(The task) From the material below, return exactly the lines starting at the one that holds "Unbekannter Künstler, 20." and ending at the one that holds "12月5日,我校趙宇真、王智". Pictures stay out of the answer.

(Stored data)
# # # #
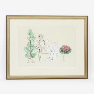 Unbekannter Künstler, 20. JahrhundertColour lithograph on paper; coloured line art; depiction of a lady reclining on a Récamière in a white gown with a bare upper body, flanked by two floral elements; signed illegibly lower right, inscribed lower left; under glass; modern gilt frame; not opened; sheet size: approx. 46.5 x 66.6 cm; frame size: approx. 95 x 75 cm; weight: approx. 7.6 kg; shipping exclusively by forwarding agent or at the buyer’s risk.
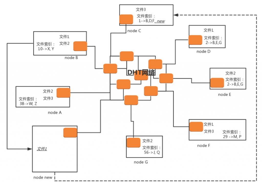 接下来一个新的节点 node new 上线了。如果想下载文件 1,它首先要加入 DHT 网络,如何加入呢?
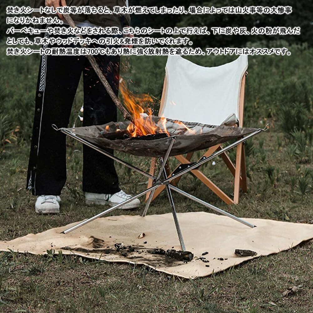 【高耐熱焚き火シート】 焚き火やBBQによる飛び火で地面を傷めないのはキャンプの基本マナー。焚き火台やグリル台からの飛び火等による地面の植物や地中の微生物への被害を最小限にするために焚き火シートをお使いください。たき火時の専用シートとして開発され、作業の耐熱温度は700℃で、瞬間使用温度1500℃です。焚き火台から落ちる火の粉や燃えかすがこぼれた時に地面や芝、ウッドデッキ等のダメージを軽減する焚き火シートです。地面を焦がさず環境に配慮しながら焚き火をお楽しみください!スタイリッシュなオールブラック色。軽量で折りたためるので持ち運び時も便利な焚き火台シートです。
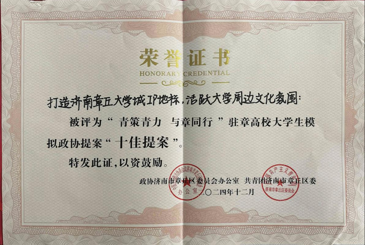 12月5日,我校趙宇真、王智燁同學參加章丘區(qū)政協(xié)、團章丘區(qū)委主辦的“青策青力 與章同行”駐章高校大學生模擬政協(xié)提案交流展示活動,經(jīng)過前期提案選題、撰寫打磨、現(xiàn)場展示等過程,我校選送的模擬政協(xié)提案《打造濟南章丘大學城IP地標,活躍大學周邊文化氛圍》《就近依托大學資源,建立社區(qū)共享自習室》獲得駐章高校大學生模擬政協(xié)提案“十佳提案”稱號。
# # # #
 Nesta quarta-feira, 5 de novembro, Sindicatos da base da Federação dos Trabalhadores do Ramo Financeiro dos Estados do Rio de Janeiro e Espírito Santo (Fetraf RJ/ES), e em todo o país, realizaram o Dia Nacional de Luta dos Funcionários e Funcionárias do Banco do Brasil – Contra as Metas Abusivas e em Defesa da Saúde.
# # # #
(Expected output)
 Unbekannter Künstler, 20. JahrhundertColour lithograph on paper; coloured line art; depiction of a lady reclining on a Récamière in a white gown with a bare upper body, flanked by two floral elements; signed illegibly lower right, inscribed lower left; under glass; modern gilt frame; not opened; sheet size: approx. 46.5 x 66.6 cm; frame size: approx. 95 x 75 cm; weight: approx. 7.6 kg; shipping exclusively by forwarding agent or at the buyer’s risk.
 接下来一个新的节点 node new 上线了。如果想下载文件 1,它首先要加入 DHT 网络,如何加入呢?
 【高耐熱焚き火シート】 焚き火やBBQによる飛び火で地面を傷めないのはキャンプの基本マナー。焚き火台やグリル台からの飛び火等による地面の植物や地中の微生物への被害を最小限にするために焚き火シートをお使いください。たき火時の専用シートとして開発され、作業の耐熱温度は700℃で、瞬間使用温度1500℃です。焚き火台から落ちる火の粉や燃えかすがこぼれた時に地面や芝、ウッドデッキ等のダメージを軽減する焚き火シートです。地面を焦がさず環境に配慮しながら焚き火をお楽しみください!スタイリッシュなオールブラック色。軽量で折りたためるので持ち運び時も便利な焚き火台シートです。
 12月5日,我校趙宇真、王智燁同學參加章丘區(qū)政協(xié)、團章丘區(qū)委主辦的“青策青力 與章同行”駐章高校大學生模擬政協(xié)提案交流展示活動,經(jīng)過前期提案選題、撰寫打磨、現(xiàn)場展示等過程,我校選送的模擬政協(xié)提案《打造濟南章丘大學城IP地標,活躍大學周邊文化氛圍》《就近依托大學資源,建立社區(qū)共享自習室》獲得駐章高校大學生模擬政協(xié)提案“十佳提案”稱號。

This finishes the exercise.